----- Extracted entries

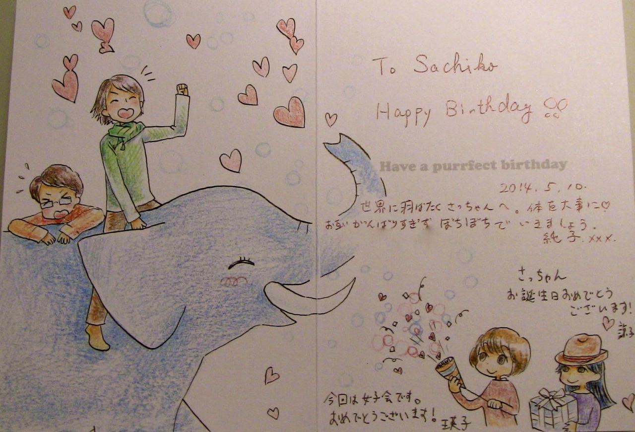 Achan a dessiné ma carte d’anniversaire!! Avec un gros éléphant et moi dans mon habituel vert -irlandais!! 今年もあーちゃんのイラストのカードです♡ 大きなぞうさん いつもの散歩の格好で緑のジャケットのさっちゃん。じゅんじゅんがずり落ちそうだあ〜!! :) 楽しいカードありがとさんね。
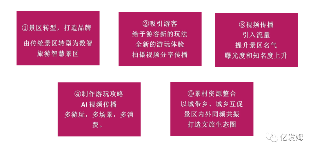 亿AI旅的研发是顺应乡村振兴战略,应用AI视频宣传新模式,整合乡村资源进行联动营销,赋予乡村传播增辐、宣传增效、游客增流、消费增值等新活力! 亿AI旅数智文旅平台简介
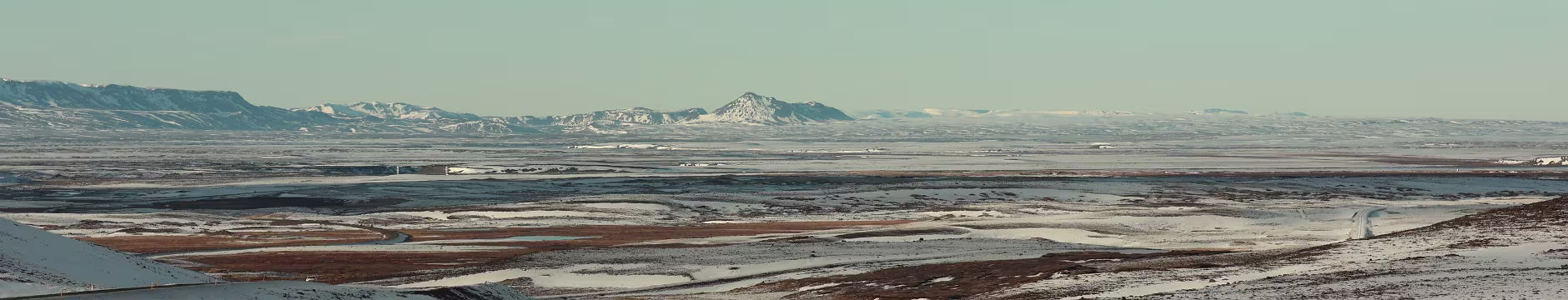 Dann geht es weiter auf der Straße, die wie recherchiert 10% Steigung hat. Und anders also ich auf Meereshöhe vermutete, war in den Höhenlagen sehr wohl Schnee auf der Straße. Aber man konnte gut fahren, keine Probleme. Auf der Hochebene ging es eine ganze Weile durch eine wunderbare Landschaft, also alles weiß, kein Baum, kein Strauch. Dann geht es bald auch schon wieder runter, nach Egilsstaðir. Und was sich da bot war der Hammer, was ein Blick. Es hatte mittlerweile aufgeklart, im Tal von Egilsstaðir lag noch ein Streifen Nebel, der Blick schien endlos zu gehen. Man konnte sich gar nicht satt sehen. Also dann weiter, dieses Mal mit 10% Gefälle. Auf meiner Rückreise werde ich diese Strecke, als einzige überhaupt, erneut passieren und es ist sicherlich eine der spannendsten und kritischsten überhaupt, sie ist berüchtigt.
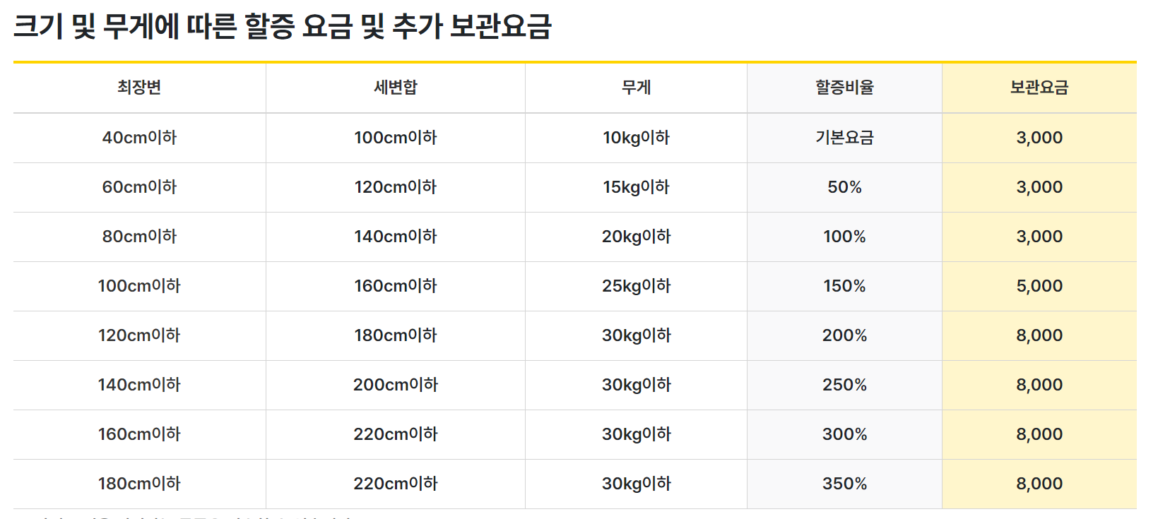 - 크기 또는 무게 상기규격을 벗어나는 물품은 접수할 수 없습니다.
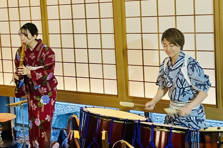 尺八の静かな余韻と、和太鼓の躍動が響き合うひととき。演奏者の息づかいまでもが伝わるその音色は、悠久の時を重ねてきたこの街の気配に、そっと触れるような感覚をもたらしてくれます。
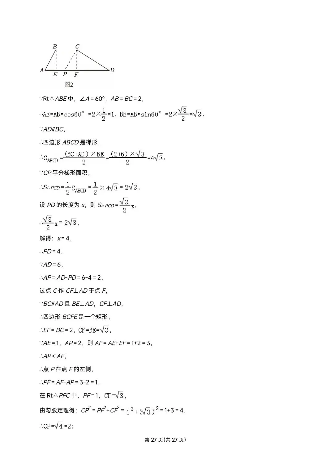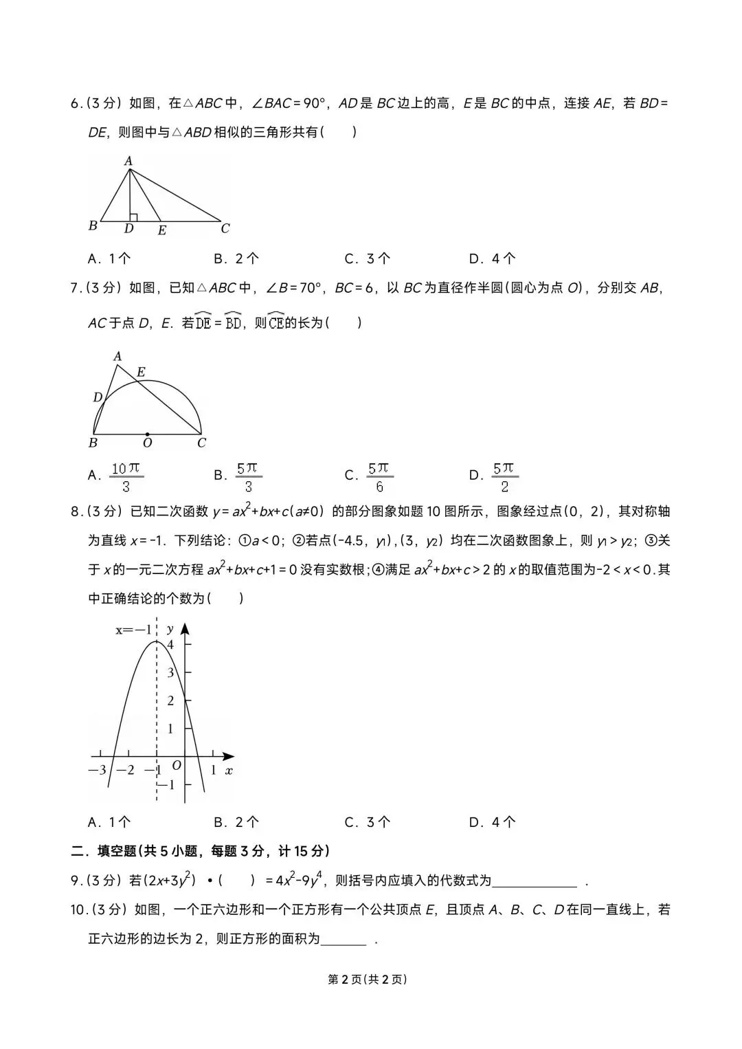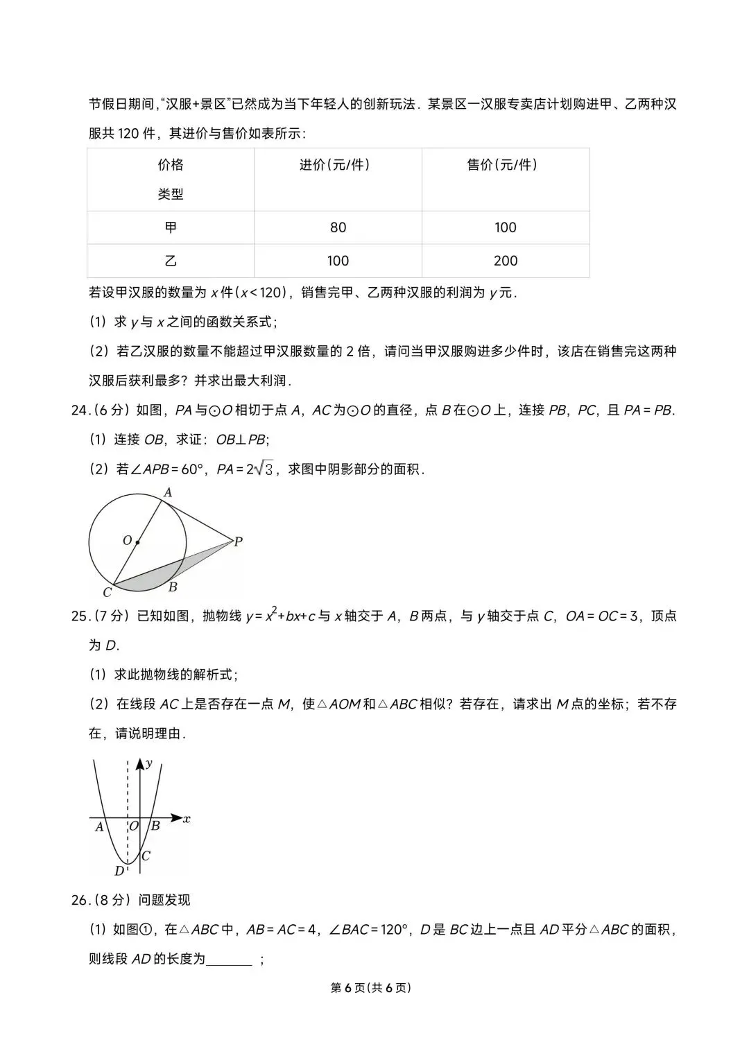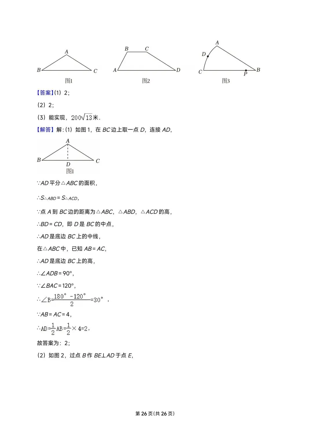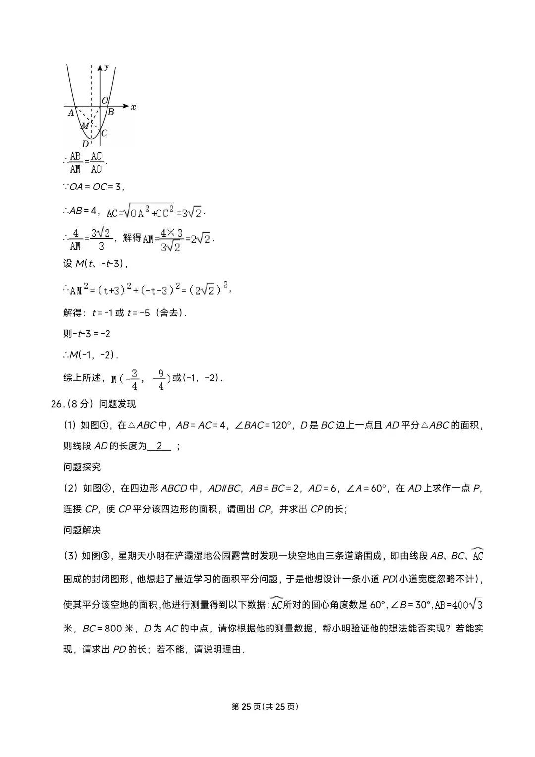 3. 压轴区分模块(选择8、解答25-26):二次函数图像与性质多结论辨析、抛物线相似存在性、面积平分几何探究,是整张试卷的难点。第26题面积平分新定义探究,结合圆、解三角形、几何最值,高度贴合陕西中考最后一道几何压轴的创新出题风格,对学生综合逻辑、辅助线构造能力要求极高。

----------

* **How to complete this task**: Only lines from the one holding "Dann geht es weiter" through the last line of the entries above are wanted, both ends included, each retyped exactly; no pictures.

* **Exercise answer**:
 Dann geht es weiter auf der Straße, die wie recherchiert 10% Steigung hat. Und anders also ich auf Meereshöhe vermutete, war in den Höhenlagen sehr wohl Schnee auf der Straße. Aber man konnte gut fahren, keine Probleme. Auf der Hochebene ging es eine ganze Weile durch eine wunderbare Landschaft, also alles weiß, kein Baum, kein Strauch. Dann geht es bald auch schon wieder runter, nach Egilsstaðir. Und was sich da bot war der Hammer, was ein Blick. Es hatte mittlerweile aufgeklart, im Tal von Egilsstaðir lag noch ein Streifen Nebel, der Blick schien endlos zu gehen. Man konnte sich gar nicht satt sehen. Also dann weiter, dieses Mal mit 10% Gefälle. Auf meiner Rückreise werde ich diese Strecke, als einzige überhaupt, erneut passieren und es ist sicherlich eine der spannendsten und kritischsten überhaupt, sie ist berüchtigt.
 - 크기 또는 무게 상기규격을 벗어나는 물품은 접수할 수 없습니다.
 尺八の静かな余韻と、和太鼓の躍動が響き合うひととき。演奏者の息づかいまでもが伝わるその音色は、悠久の時を重ねてきたこの街の気配に、そっと触れるような感覚をもたらしてくれます。
 3. 压轴区分模块(选择8、解答25-26):二次函数图像与性质多结论辨析、抛物线相似存在性、面积平分几何探究,是整张试卷的难点。第26题面积平分新定义探究,结合圆、解三角形、几何最值,高度贴合陕西中考最后一道几何压轴的创新出题风格,对学生综合逻辑、辅助线构造能力要求极高。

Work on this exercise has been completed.